Deployment Frequency (DF): Measures how often code is deployed to production
Lead Time for Changes (LT): Time taken from code commit to production deployment
Change Failure Rate (CFR): The percentage of changes failed in production
Mean Time to Restore (MTTR): The average time it takes to recover from a failure in production

These metrics are valuable because they provide actionable insights into software development and deployment practices. High-performing teams tend to deploy more frequently and have shorter lead times, lower failure rates, and quicker recovery times, leading to more resilient and robust applications.
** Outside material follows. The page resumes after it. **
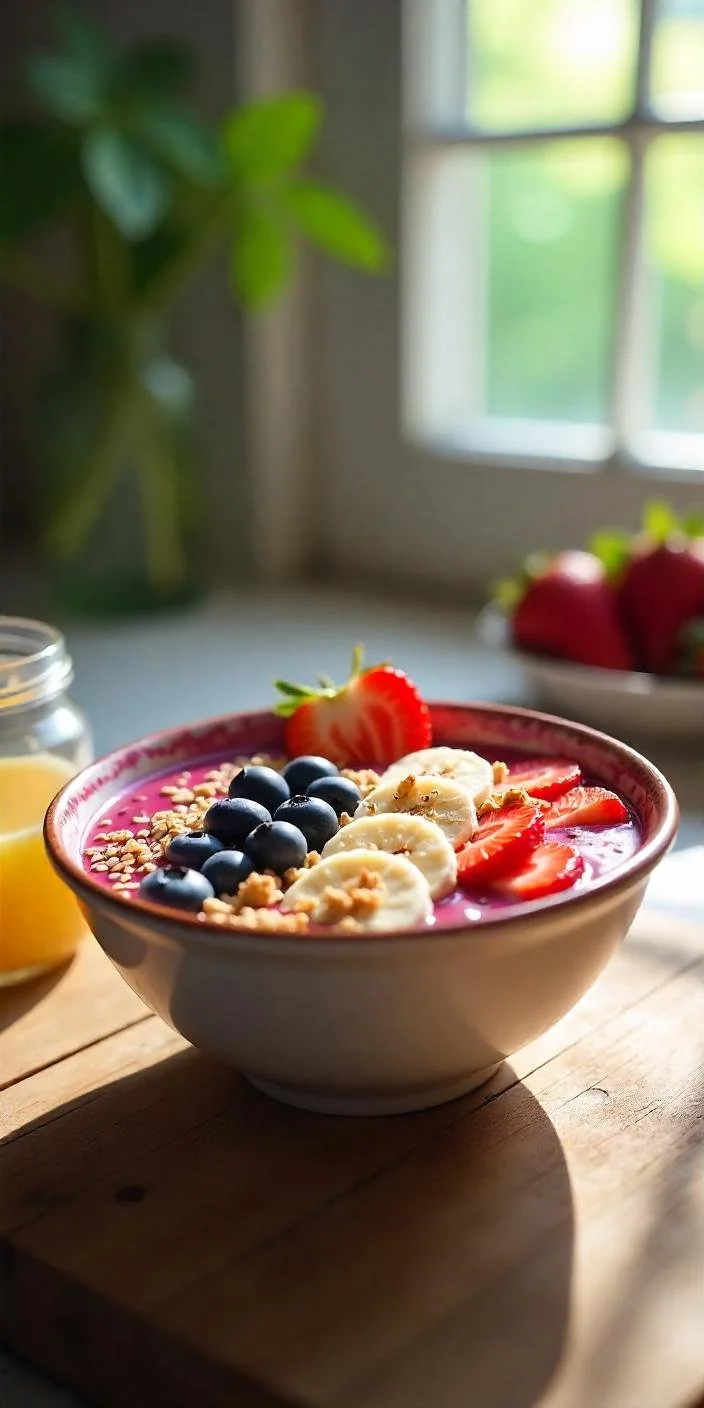 Accai, Strawberries, Granola, Blueberries, Banana, hemp seeds, honey drizzle

Tracking DORA Metrics in Jenkins

Jenkins is a widely used automation server to enable continuous integration and delivery (CI/CD). Below is an example of how to track DORA metrics using a Jenkins pipeline, using shell commands and scripts to log deployment frequency, calculate lead time for changes, monitor change failure rate, and determine the mean time to restore.

    Groovy
   
 

   pipeline {
    agent any

    environment {
        DEPLOY_LOG = 'deploy.log'
        FAIL_LOG = 'fail.log'
    }
  
	//Build Application
    stages {
        stage('Build') {
            steps {
                echo 'Building the application...'
                // Run required build commands
                sh 'make build'
            }
        }
      
	// Test Application
        stage('Test') {
            steps {
                echo 'Running tests...'
                // run required test commands
                sh 'make test'
            }
        }
      
	// Deploy application
        stage('Deploy') {
            steps {
                echo 'Deploying the application...'
                // run the deployment steps
                sh 'make deploy'

                // Log the deployment into log file to compute deployment frequency
                sh "echo $(date '+%F_%T') >> ${DEPLOY_LOG}"
            }
        }
    }

    post {
        always {
            script {
                // Computing deployment frequency (DF)
                def deploymentCount = sh(script: "wc -l < ${DEPLOY_LOG}", returnStdout: true).trim()
                echo "# of Deployments: ${deploymentCount}"

   
                // Writing build failures into log for computing CFR
                if (currentBuild.result == 'FAILURE') {
                    sh "echo $(date '+%F_%T') >> ${FAIL_LOG}"
                }

                // Computing Change Failure Rate (CFR)
                def failureCount = sh(script: "wc -l < ${FAIL_LOG}", returnStdout: true).trim()
                def CFR = (failureCount.toInteger() * 100) / deploymentCount.toInteger()
                echo "Change Failure Rate: ${CFR}%"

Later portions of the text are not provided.